Learning-based Single View to 3D
- Here, I designed a Single view to 3D reconstruction pipeline, for image-to-voxel, image-to-mesh, and image-to-point cloud generation
- I achieved an F1-score of 0.88 for the point cloud reconstruction and also extended the network for occupancy queries
Single View to 3D reconstruction is a recent research topic in 3D vision. This involves building neural networks that are capable of producing a 3D representation of an object provided in an image. Thid project deals woth these kind of networks. I built three different models, aimed for image-voxel, image-mesh, and image-point cloud reconstruction. This project has been implemented in Python3 and uses packages - PyTorch, PyTorch3D, NumPy, and Matplotlib. This project was implemented as a part of my Spring 2023 course at CMU, Learnig for 3D Vision, taught by Prof. Shubham Tulsiani.
Image to Voxel
The neural network used for this part can be seen in the image below. An input image is fed through a ResNet Encoder and an output 1D embedding of size 512 (shown in green) is recieved. This is passed through the decoder, which starts with an MLP (shown in orange). The output of this MLP (size 2048) is unflattened into a tensor of size (256,2,2,2). This is fed into multiple 3D deconvolutional layers, which give ouput a voxel grid of size (32,32,32) at the end (shown in red). Each of the MLPs and the deconvolutional layers, except the last one, have a Relu activation and BatchNorm in front of them.
The model was trained on multiple images of multiple chair images for ~5000 epochs. The results can be seen below
Image to Point Cloud
The model used for this part is shown below. The initial structure of the decoder for this case is similar to the previous one, the voxel case. We use a ResNet Encoder and then put a multi-layer perceptron (MLP) as the decoder. The output of this decoder is a tensor of size number of points X 3. This ouput is then resized to (number of points , 3). The reason for choosing an MLP instead of a deconvolutional layer is that point clouds are of discrete nature, rather than the continuous nature of voxels.

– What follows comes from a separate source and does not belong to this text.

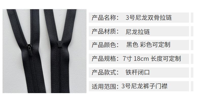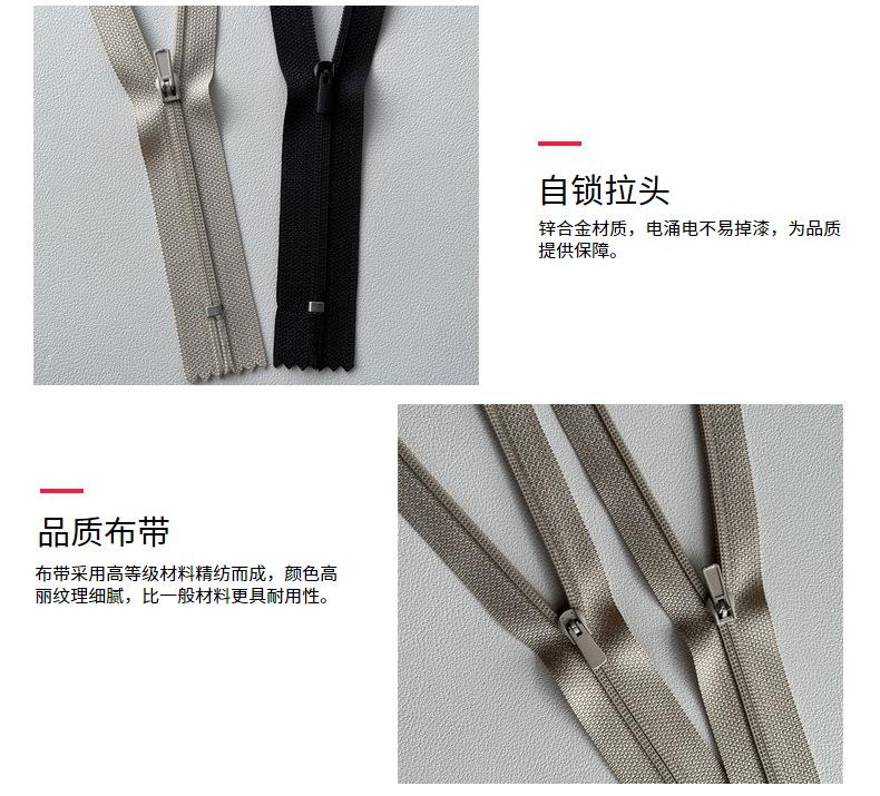 Calças Oeste de Zíper de Osso Duplo de Nylon nº 3 com Carcela Zíper Rabo Fechado Zíper Invisível Mola Auto-travante Pintura Puxador

The training was for this model was similar to that for the voxel case, with multiple chair images and ~5000 epochs. The results can be seen below.
Image to Mesh
The model used for this case is same as the one used for point cloud case, with the exception of the output tensor now being number of mesh vertices X 3. The output is resized to (number of points , 3) and then converted into a mesh using PyTorch3D.structures.Meshes.
The training was for this model was similar to that for the voxel case, with multiple chair images and ~5000 epochs. The results can be seen below.
Quantative Results
The quantitativce results of the models acn be seen below. Specifically, it shows the results of the F1-score for the 3 models at different thresholds. Left-to-Right the figures are for Voxels, Point Clouds, and Meshes.